Education - UNICEF Experience
The examples of education projects that are more discussed following demonstrate
increased access to education for nomadic children and in particular, nomadic girls.
What is lacking, however, is any evaluation of baseline figures against actual children
attending and qualitative analysis of pastoralist perceptions of relevance of curricula
and impact of education on core indicators.

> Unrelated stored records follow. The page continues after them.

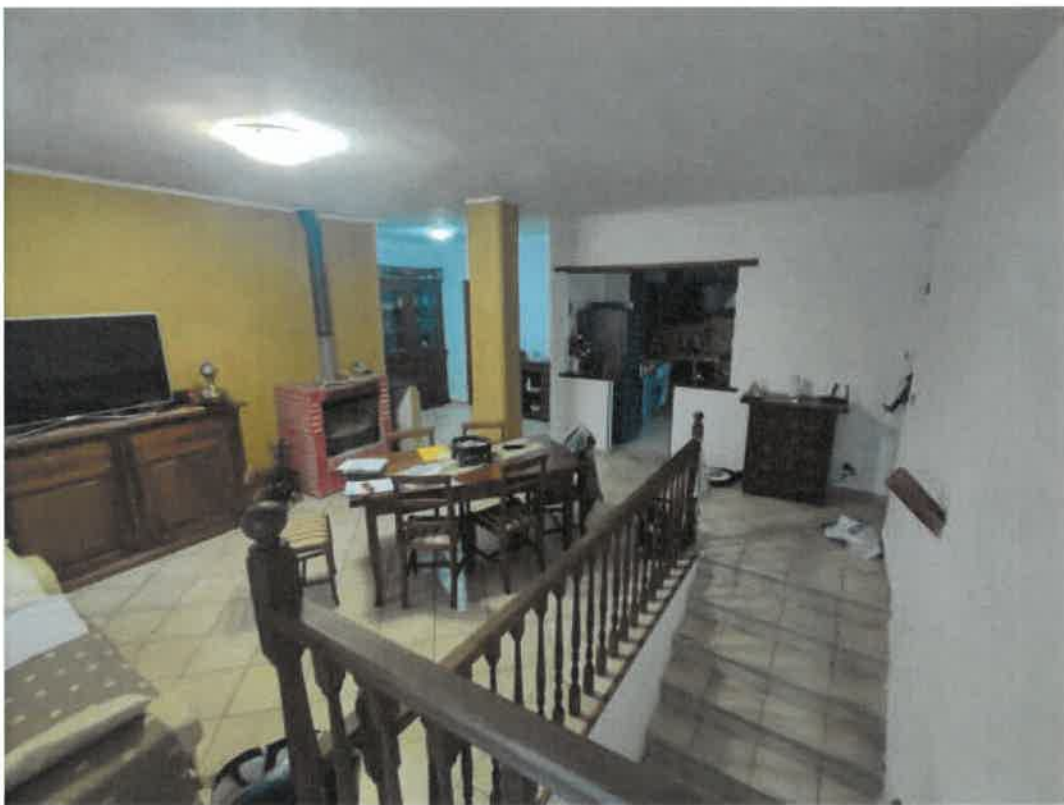
Vista particolare interna locale soggiorno / living in piano primo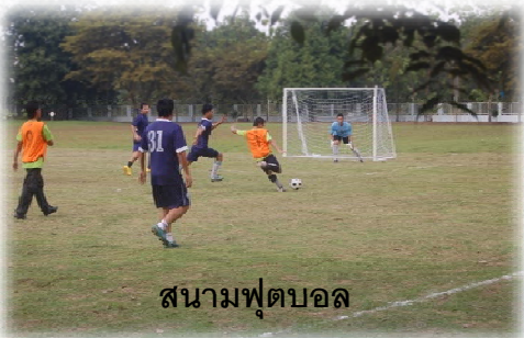
สนามฟุตบอล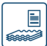
asbestfrei lose nur mit Deklaration

Nr. 90019 / Eternit, festgebundener asbestfreier Faserzement (17 01 07)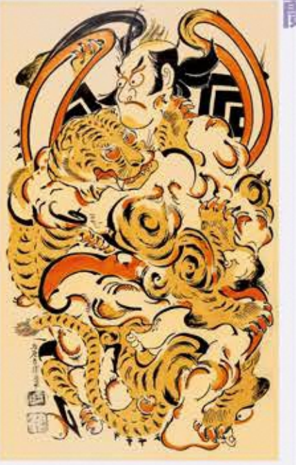
福田美蘭《二代目市川團十郎の虎退治》 パネルにアクリル絵具 2020年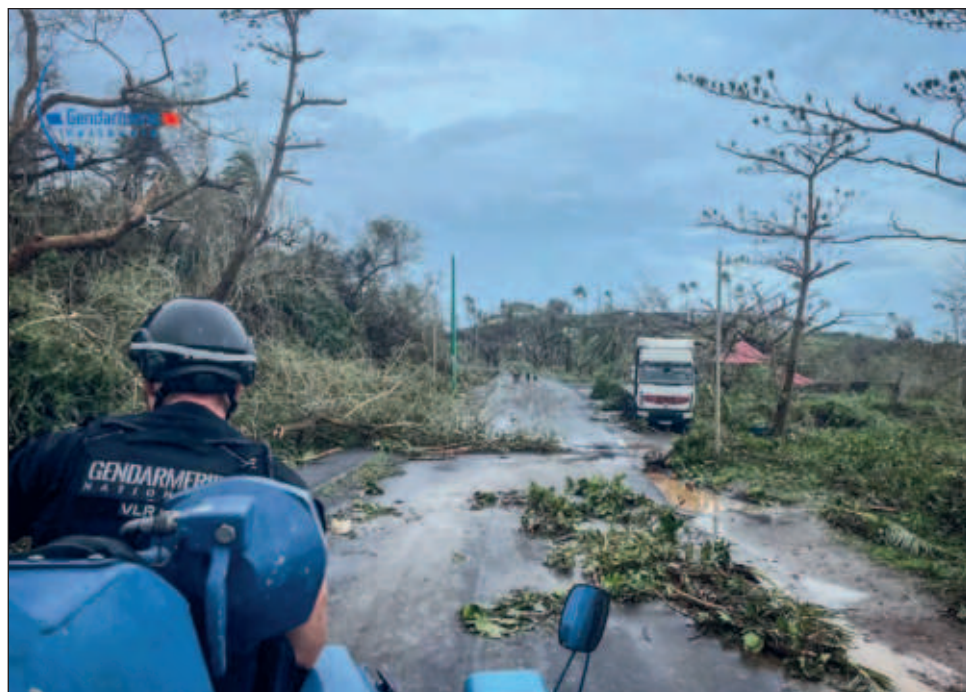
▲ Las imágenes de Mayotte mostraban escenas de devastación y, entre los principales objetivos de los rescatistas, está encontrar supervivientes y proporcionar agua y alimentos.

Mayotte tiene oficialmente 320 mil habitantes, pero se calcula que habría entre 100 mil y 200 mil personas más, según esta fuente, precisando que pocos de ellos acudieron a los refugios previstos por miedo a ser controlados.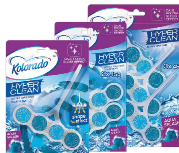
● Aqua Splash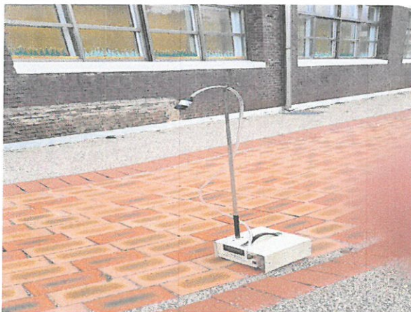
작업장 주변 비산관리를 위한 농도측정 부지경계선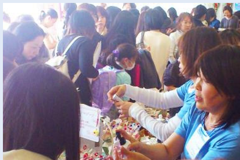
会場内は終日大盛況で、冬なのに暑いくらい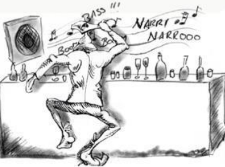
Zum Azicha brauchst dies Jahr nischt, komm ge Danza, wie da ins Bett ganga bischt :)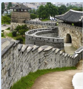
▶水原華城 世界遺産 李氏朝鮮時代の城塞遺跡。時の国王が子の墓を水原の顕隆園に移して周囲に城壁や塔、樓閣を築いたもの。

North-eastern Province Girls Scholarship Education Program in
Kenya
The NEP girls’ scholarship program has had the single most significant positive
effects on girls’ education in NEP’s history and perhaps the indirect benefits might
never be measured. As an exit strategy and ensuring sustainability of program in
future, UNICEF in collaboration with MOE and Ministry of State for the
Development of Northern Kenya and Other Arid lands (MDNK OAL) is working on
the establishment of a quasi-government “Northern Kenya Education Trust- NoKET’
- to address both secondary and tertiary education for girls from ASAL districts.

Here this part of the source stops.